What I now see is that, compared to what happened after the two World Wars, we don’t need to waste time and energy creating a new global organization. Fortunately, we already have one. Although now crippled by its excessive bureaucracy and shrinking budget, the UN still can be renovated, rehabilitated. And that is precisely our greatest undertaking: transforming it to truly be up to the global challenges, of preventing crises such as the SARS-CoV-2 pandemic, so that we are not again caught as utterly unprepared as we were in 2020. And so, in mid-2021, all 193 UN member countries, with the unanimous vote from the five members of the Security Council, agreed to acutely change the structure and mandate of the organization. They also agreed to renovate, from the core, all financial multilateral organisms, such as the World Bank, the International Monetary Fund, the Global Environmental Facility, and all regional development banks. This is certainly good and encouraging news.

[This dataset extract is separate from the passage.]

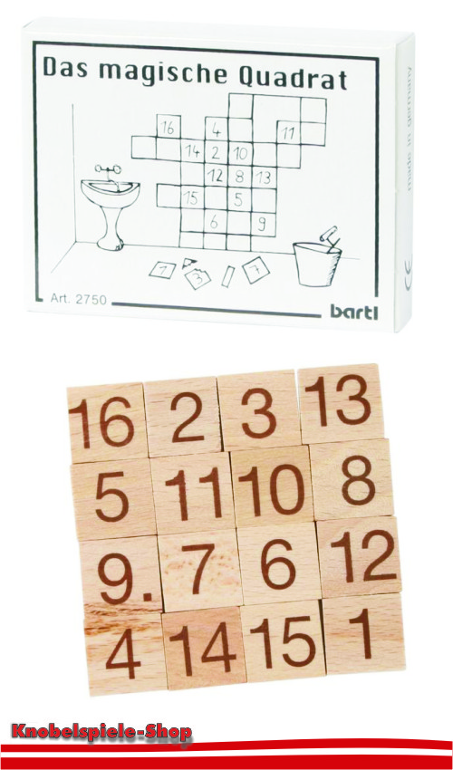Aufgabe:Versuchen Sie, die 16 Zahlen-Plättchen so anzuordnen, das die Summe jeder Spalte, Reihe und Diagonalen jeweils die gleiche Zahl ergibt.Geschichte zum Mini-Knobelspiel:Als der junge Mathematik-Professor sein Bad renovieren ließ, wählte er dafür Fliesen mit verschiedenen aufgemalten Zahlen. Da die Arbeit nicht sehr anspruchsvoll erschien, wurde sie dem neuen Lehrling übertragen. Nach der Fertigstellung war der Professor jedoch total begeistert. – Der Junge hatte die Fliesen so angeordnet, dass sich lauter “magische Quadrate” ergaben. Welche Leistung dies war, werden Sie merken, wenn Sie sich selber an diesem Knobelspiel versuchen.Weitere Bilder:

And allow me to share some more good news that is just coming in as I write these lines in June 2021: all governments have put their money where they mouth is and are working day and night on the UN reform. And they are doing it in a transparent and participatory manner, and to serve all world citizens, with no exceptions. The objective they have set for themselves is to transform the organization into a truly multilateral platform with enough capacity, authority, and financial resources to ensure world peace, prosperity, and security. In other words, they are seeking to restore the principles upon which the UN was first established in 1945. The big challenge now is, and will continue to be, keeping the balance among the needs, aspirations, and responsibilities of all nations. And, of course, recovering citizen trust by ensuring we all can call the UN to order if it fails to fulfill its promises. Fair enough.
To demonstrate how serious they are, new leaders in the U.S., the United Kingdom, France, Russia and China have all agreed that, by mid-2022, there will no longer be a standing Security Council; rulings of the entire body will be mandatory for all and none can veto any decision. In the new UN, youth organizations, indigenous peoples, and civil society will be represented and have the right to vote.
Although many details are still missing, I am hopeful. I´m indeed hopeful that this time the world will wake up to its new global reality and responsibility.